Neferkheprura-Waenra, el señor del Alto y Bajo Egipto, que había cambiado su nombre por el de Akhenatón, fue enterrado en su tumba real en un sarcófago de granito en cuyas esquinas las tradicionales diosas protectoras, Neftis, Selkis, Neit e Isis, habían sido suplantadas por la hermosa Nefertiti, su Gran Esposa Real y alma, junto a él, de la revolución que emprendiera un día contra unas fuerzas que parecían invencibles. En la tumba le esperaban ya varias de sus hijas, su madre y la inolvidable Kiya, la mujer que tanto había amado. Juntos se fundirían en la misma luz, la del Atón, que resultaría imperecedera, a la espera de que algún día Nefertiti se les uniera en la otra vida.
Los acontecimientos se precipitaron como muchos habían esperado. La muerte de Akhenatón abría otro capítulo en la ya milenaria historia de la Tierra Negra, y un nuevo dios se colocaba la doble corona como faraón de Egipto. Ankheprura-Nefernefruatón, corregente del anterior dios, se alzaba como señor absoluto de Kemet con el nombre de Ankheprura-Smenkhara, y todo el país dirigió su mirada expectante hacia él. La reina Nefertiti alcanzaba de este modo su sueño más íntimo para hacer realidad sus ambiciones. Ella había gobernado en la sombra durante muchos años y su influencia sobre Akhenatón había sido determinante en sus decisiones. Como corregente que había sido, el trono le correspondía por derecho, y Nefertiti se dispuso a gobernar con el denuedo que siempre había demostrado poseer. Pero el mapa que se le presentóˀci ante sus ojos era de tal envergadura que Ankheprura se dio cuenta al momento de su complejidad. Aun en su locura, el carisma de su esposo había resultado un pilar básico en el gobierno de Kemet. Ahora que se encontraba sola, Nefertiti se daba cuenta de su debilidad, y también de los peligros a los que se enfrentaba.

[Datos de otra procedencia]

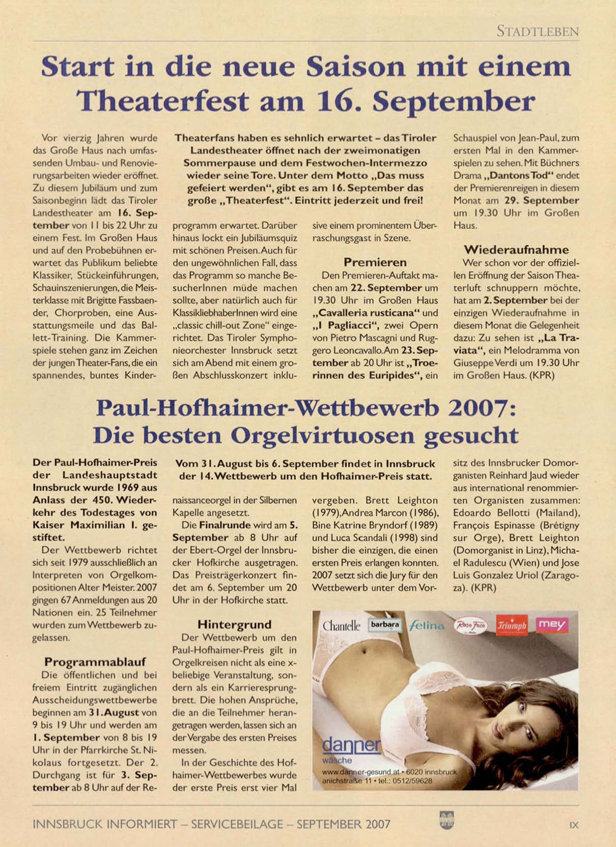 INNSBRUCK INFORMIERT - SERVICEBEILAGE - SEPTEMBER 2007

De repente comenzó a ver enemigos en donde antes solo veía fieles servidores. El gran vidente de Atón, Meryre I; su segundo profeta, Panehesy; el tesorero de Atón, Tutu, el copero Perennefer... Todos le parecían sospechosos, y Nefertiti se sintió insegura por primera vez en su vida. Su padre Ay, su hermano Nakhmin y el fiel mayordomo de su casa, Meryre II, eran los únicos en quienes confiaba, y comprendió que para llevar a cabo su gobierno necesitaría la ayuda de hombres poderosos.
Smenkhara tenía razones para considerarse vulnerable. Ella conocía de sobra las intrigas de la corte y lo que podía llegar a valer una vida en esta. Todos los cargos de importancia los detentaban personas afines a la revolución atonista y esperaban continuar con su política actual, a la que no estarían dispuestos a renunciar. Cualquier cambio que el faraón iniciara en ella sería un motivo más que suficiente para que lo eliminaran. La nueva nobleza tenía altas aspiraciones, y a través de la historia el trono de Egipto siempre había sido amenazado por aquellos que se encontraban cerca del rey.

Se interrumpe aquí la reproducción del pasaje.